The almost one-billion-euros consists of 644 million euros return of the European Central Bank profits from the Greek bonds, while the remaining amount is due to the suspension of the interest rate increase for the second loan agreement.
According to Centeno, the decision was reached based on the institutions’ positive evaluation of Greece’s agreed commitments – including the 2019 State Budget and the completion of “important structural reforms” that included the legislation on primary residence protection and household insolvency.
“This law will be temporary and be applied until the end of 2019,” Centeno said, referring to Greek Finance Minister Euclid Tsakalotos commitments on this score, adding that the European Commission will monitor the fiscal and financial impact of the measure.
Centeno said that the approval of the disbursement is another “positive sign” for investors, especially as regards the “ownership” of the reforms, something that has already been reflected in the markets’ reaction.
#Eurogroup agreement on disbursement of almost €1bn to #Greece following positive report by @EU_Commission sends a strong signal that the country is respecting its reform commitments. Its European partners continue to support and stand by #Greece. pic.twitter.com/h7UVV4mPgD
— Pierre Moscovici (@pierremoscovici) April 5, 2019
European Stability Mechanism chief Klaus Regling said stressed that the 973 million euros is not a new loan but a “transfer” of capital, without any conditions linked only to Greece’s commitment to continue its reform efforts and to help it repay its loans.
Regling said disbursement would be made once national approval procedures were completed and “no later than early May”.
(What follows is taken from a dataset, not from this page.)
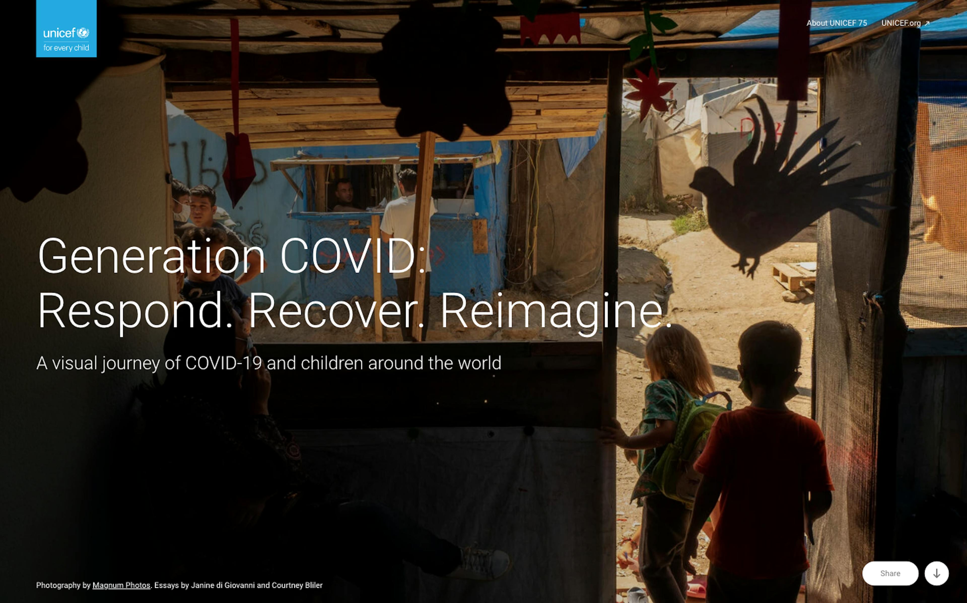 UNICEF works tirelessly for the rights and well-being of every child — whoever they are, wherever they live. As part of the commemoration of its 75th anniversary and in collaboration with the renowned Magnum Photo agency, we designed and built a site that presents an in-depth look at the pandemic experiences of children and young people across six countries.

Asked about Greece’s willingness to repay an early part of its loans from the IMF, he said that ESM would “support it”, while stressing that it should first be debated with creditors to ensure that all conditions are met.
He also noted that this would contribute to the sustainability of the Greek debt as for one third of the IMF loans (3.5 billion) Greece pays a “very expensive” 5%, “much higher” rate than its borrowing costs markets.